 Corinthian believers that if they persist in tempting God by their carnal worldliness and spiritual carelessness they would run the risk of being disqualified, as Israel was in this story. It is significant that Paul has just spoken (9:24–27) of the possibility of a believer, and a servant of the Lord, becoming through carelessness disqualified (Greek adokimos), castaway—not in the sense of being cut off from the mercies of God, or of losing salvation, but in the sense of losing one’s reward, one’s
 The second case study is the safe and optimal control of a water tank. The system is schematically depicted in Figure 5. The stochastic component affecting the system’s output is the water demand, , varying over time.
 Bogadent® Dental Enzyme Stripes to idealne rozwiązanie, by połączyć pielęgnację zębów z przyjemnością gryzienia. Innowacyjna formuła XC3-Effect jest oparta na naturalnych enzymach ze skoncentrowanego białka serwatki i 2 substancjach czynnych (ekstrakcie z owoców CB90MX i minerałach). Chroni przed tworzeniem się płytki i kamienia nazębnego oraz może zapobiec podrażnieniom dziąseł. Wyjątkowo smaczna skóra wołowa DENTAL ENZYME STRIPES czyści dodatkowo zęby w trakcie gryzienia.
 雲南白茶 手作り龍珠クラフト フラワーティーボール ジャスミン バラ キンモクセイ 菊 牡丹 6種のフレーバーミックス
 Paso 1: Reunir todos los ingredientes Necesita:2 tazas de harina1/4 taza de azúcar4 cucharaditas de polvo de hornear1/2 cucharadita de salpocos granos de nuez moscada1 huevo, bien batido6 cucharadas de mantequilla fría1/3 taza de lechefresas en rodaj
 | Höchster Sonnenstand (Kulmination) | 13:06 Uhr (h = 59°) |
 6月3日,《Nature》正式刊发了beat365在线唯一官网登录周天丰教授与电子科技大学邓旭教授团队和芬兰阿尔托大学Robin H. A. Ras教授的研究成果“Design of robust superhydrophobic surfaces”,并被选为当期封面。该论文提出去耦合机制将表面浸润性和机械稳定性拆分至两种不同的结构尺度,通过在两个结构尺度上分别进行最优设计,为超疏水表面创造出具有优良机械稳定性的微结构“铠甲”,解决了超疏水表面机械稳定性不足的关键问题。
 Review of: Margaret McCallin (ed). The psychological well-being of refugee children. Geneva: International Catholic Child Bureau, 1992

# # # # #

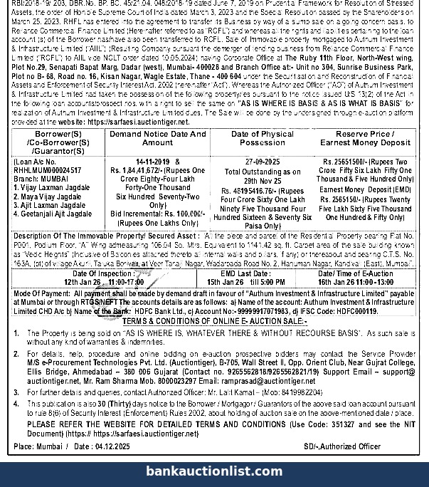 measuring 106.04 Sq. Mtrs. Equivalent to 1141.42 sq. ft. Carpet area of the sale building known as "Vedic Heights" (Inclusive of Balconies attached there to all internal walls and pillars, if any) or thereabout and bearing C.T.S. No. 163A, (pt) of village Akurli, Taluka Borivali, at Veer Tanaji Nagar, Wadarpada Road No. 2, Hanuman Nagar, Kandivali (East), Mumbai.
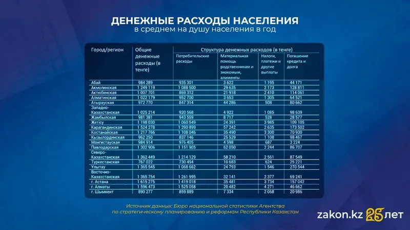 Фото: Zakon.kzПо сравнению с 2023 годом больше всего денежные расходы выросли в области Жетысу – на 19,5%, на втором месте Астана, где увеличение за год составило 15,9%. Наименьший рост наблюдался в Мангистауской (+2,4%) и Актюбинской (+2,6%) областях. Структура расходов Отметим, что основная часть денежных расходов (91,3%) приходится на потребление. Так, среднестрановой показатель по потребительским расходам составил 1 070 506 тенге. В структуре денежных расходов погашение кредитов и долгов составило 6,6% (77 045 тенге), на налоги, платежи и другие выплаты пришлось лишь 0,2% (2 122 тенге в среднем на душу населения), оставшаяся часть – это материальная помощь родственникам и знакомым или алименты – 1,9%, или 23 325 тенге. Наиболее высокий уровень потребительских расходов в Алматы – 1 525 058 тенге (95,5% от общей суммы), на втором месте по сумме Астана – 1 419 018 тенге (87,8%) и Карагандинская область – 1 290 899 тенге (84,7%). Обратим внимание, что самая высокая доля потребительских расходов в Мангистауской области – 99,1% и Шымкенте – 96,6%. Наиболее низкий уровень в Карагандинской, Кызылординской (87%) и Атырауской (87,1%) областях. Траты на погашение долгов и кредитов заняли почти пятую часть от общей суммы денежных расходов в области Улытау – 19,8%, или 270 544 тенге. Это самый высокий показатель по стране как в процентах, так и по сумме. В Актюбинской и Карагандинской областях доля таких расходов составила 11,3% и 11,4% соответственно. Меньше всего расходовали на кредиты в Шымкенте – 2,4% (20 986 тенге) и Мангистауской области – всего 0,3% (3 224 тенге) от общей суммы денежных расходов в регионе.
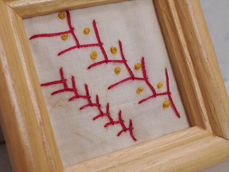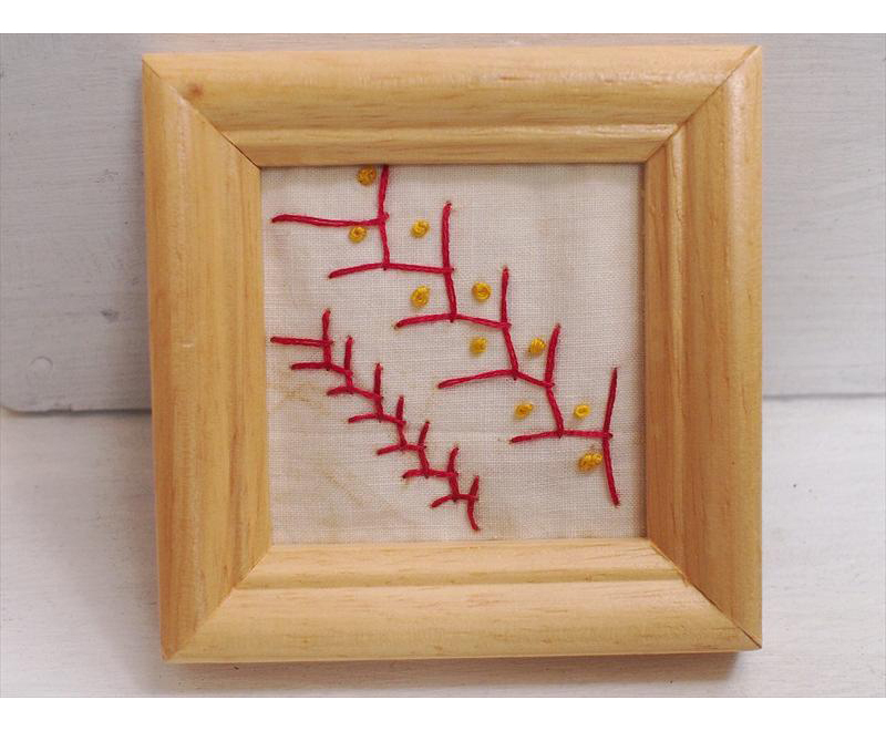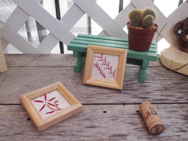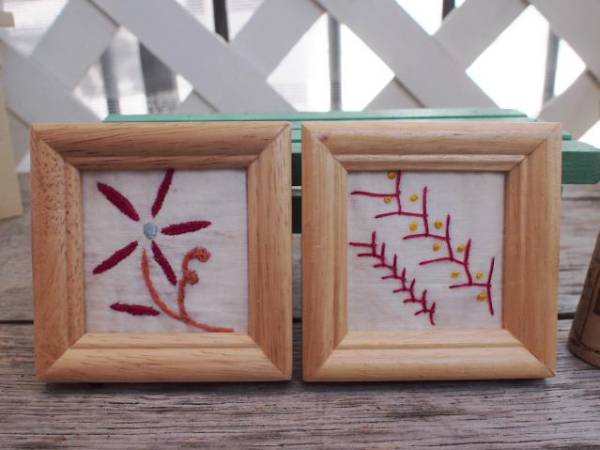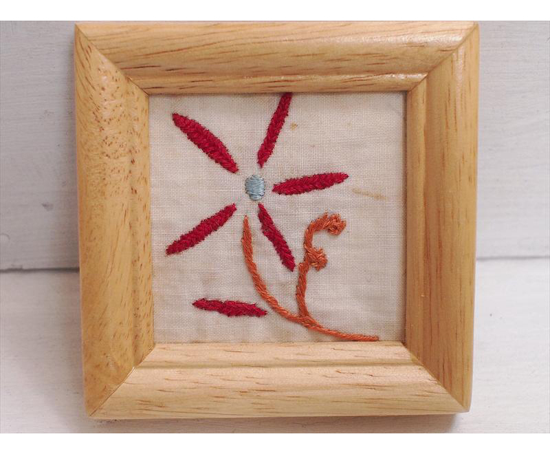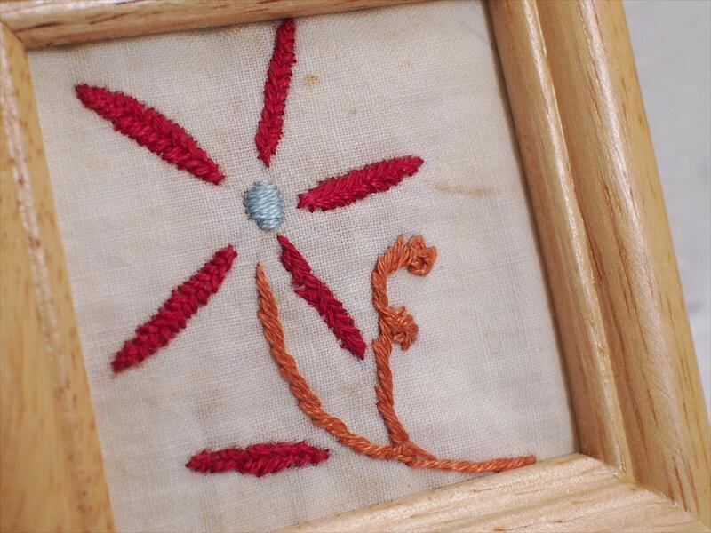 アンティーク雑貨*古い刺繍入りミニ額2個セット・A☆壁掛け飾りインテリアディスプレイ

# # # # #

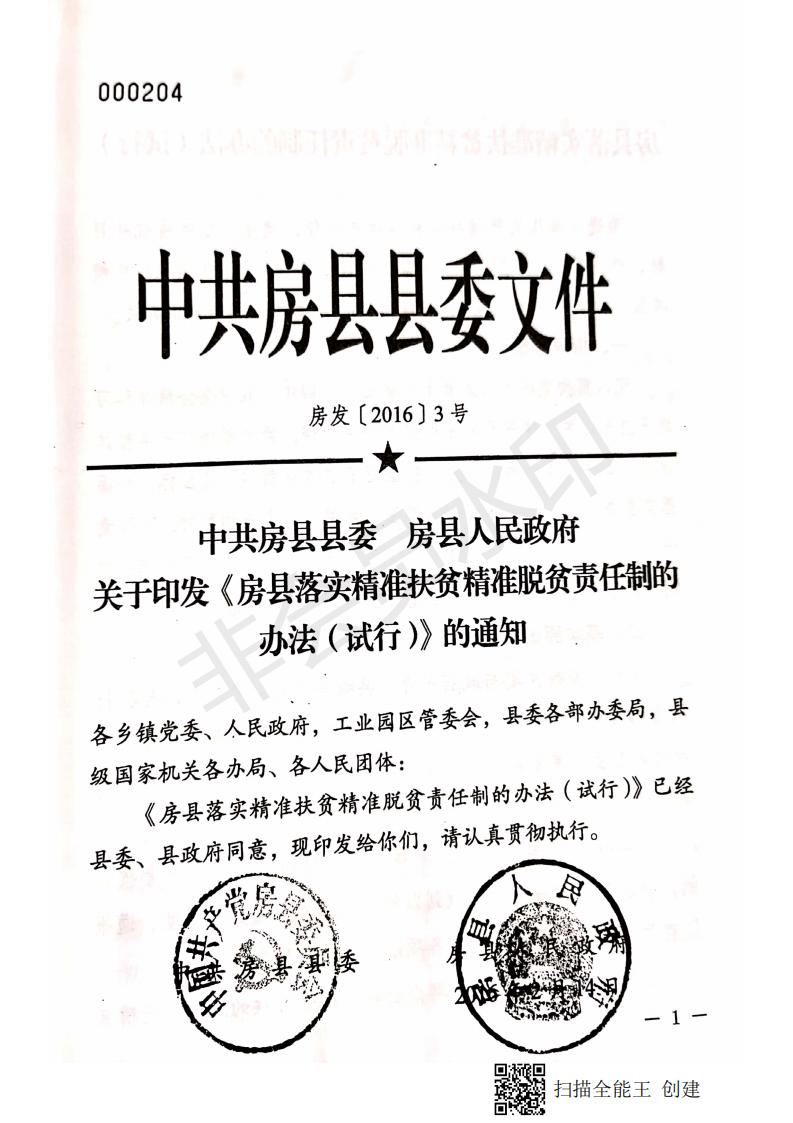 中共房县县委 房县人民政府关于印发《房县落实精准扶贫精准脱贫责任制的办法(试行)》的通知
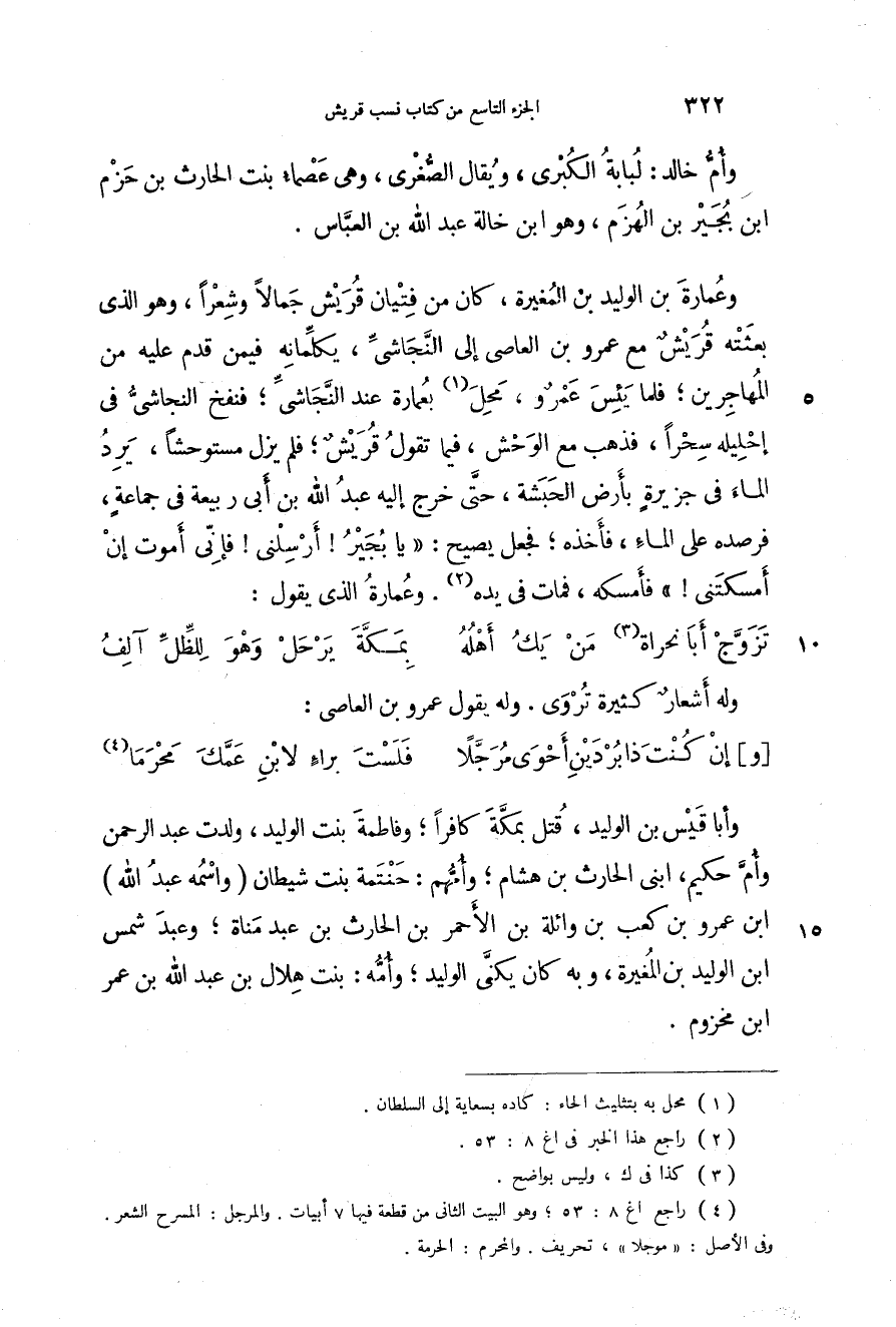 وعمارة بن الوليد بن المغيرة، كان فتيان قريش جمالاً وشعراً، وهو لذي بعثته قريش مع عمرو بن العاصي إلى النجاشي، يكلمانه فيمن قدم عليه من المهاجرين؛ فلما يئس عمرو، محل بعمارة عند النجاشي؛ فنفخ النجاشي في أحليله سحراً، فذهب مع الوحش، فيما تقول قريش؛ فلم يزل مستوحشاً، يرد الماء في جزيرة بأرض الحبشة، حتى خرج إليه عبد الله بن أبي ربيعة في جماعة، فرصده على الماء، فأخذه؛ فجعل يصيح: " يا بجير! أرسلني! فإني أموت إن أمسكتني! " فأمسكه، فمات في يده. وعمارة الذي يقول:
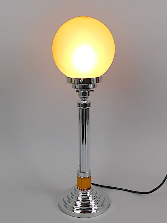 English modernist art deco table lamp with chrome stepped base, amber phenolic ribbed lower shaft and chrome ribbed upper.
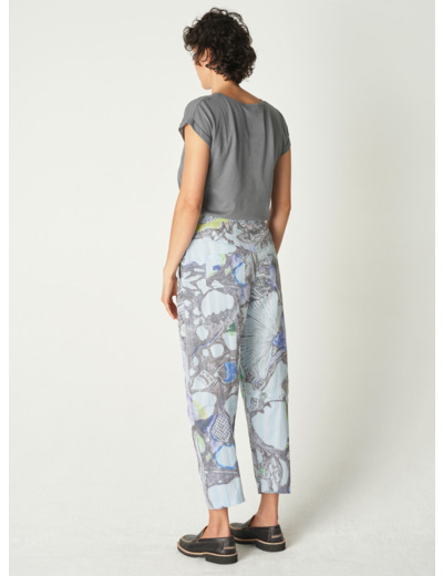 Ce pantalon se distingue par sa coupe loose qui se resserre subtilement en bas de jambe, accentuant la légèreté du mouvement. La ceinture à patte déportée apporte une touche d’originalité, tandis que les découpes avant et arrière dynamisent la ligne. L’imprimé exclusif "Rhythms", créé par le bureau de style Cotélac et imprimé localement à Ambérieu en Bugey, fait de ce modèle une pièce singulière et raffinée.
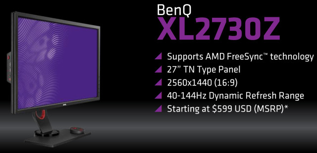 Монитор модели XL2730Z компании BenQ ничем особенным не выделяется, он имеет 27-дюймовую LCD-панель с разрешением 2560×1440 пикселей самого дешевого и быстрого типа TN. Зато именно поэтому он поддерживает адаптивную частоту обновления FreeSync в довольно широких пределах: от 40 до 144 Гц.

# # # # #

What you are asked to do
Each line in the listing above from the one containing "Paso 1: Reunir" through the one containing "Review of: Margaret" should be repeated exactly, and no other line.

Exercise result
 Paso 1: Reunir todos los ingredientes Necesita:2 tazas de harina1/4 taza de azúcar4 cucharaditas de polvo de hornear1/2 cucharadita de salpocos granos de nuez moscada1 huevo, bien batido6 cucharadas de mantequilla fría1/3 taza de lechefresas en rodaj
 | Höchster Sonnenstand (Kulmination) | 13:06 Uhr (h = 59°) |
 6月3日,《Nature》正式刊发了beat365在线唯一官网登录周天丰教授与电子科技大学邓旭教授团队和芬兰阿尔托大学Robin H. A. Ras教授的研究成果“Design of robust superhydrophobic surfaces”,并被选为当期封面。该论文提出去耦合机制将表面浸润性和机械稳定性拆分至两种不同的结构尺度,通过在两个结构尺度上分别进行最优设计,为超疏水表面创造出具有优良机械稳定性的微结构“铠甲”,解决了超疏水表面机械稳定性不足的关键问题。
 Review of: Margaret McCallin (ed). The psychological well-being of refugee children. Geneva: International Catholic Child Bureau, 1992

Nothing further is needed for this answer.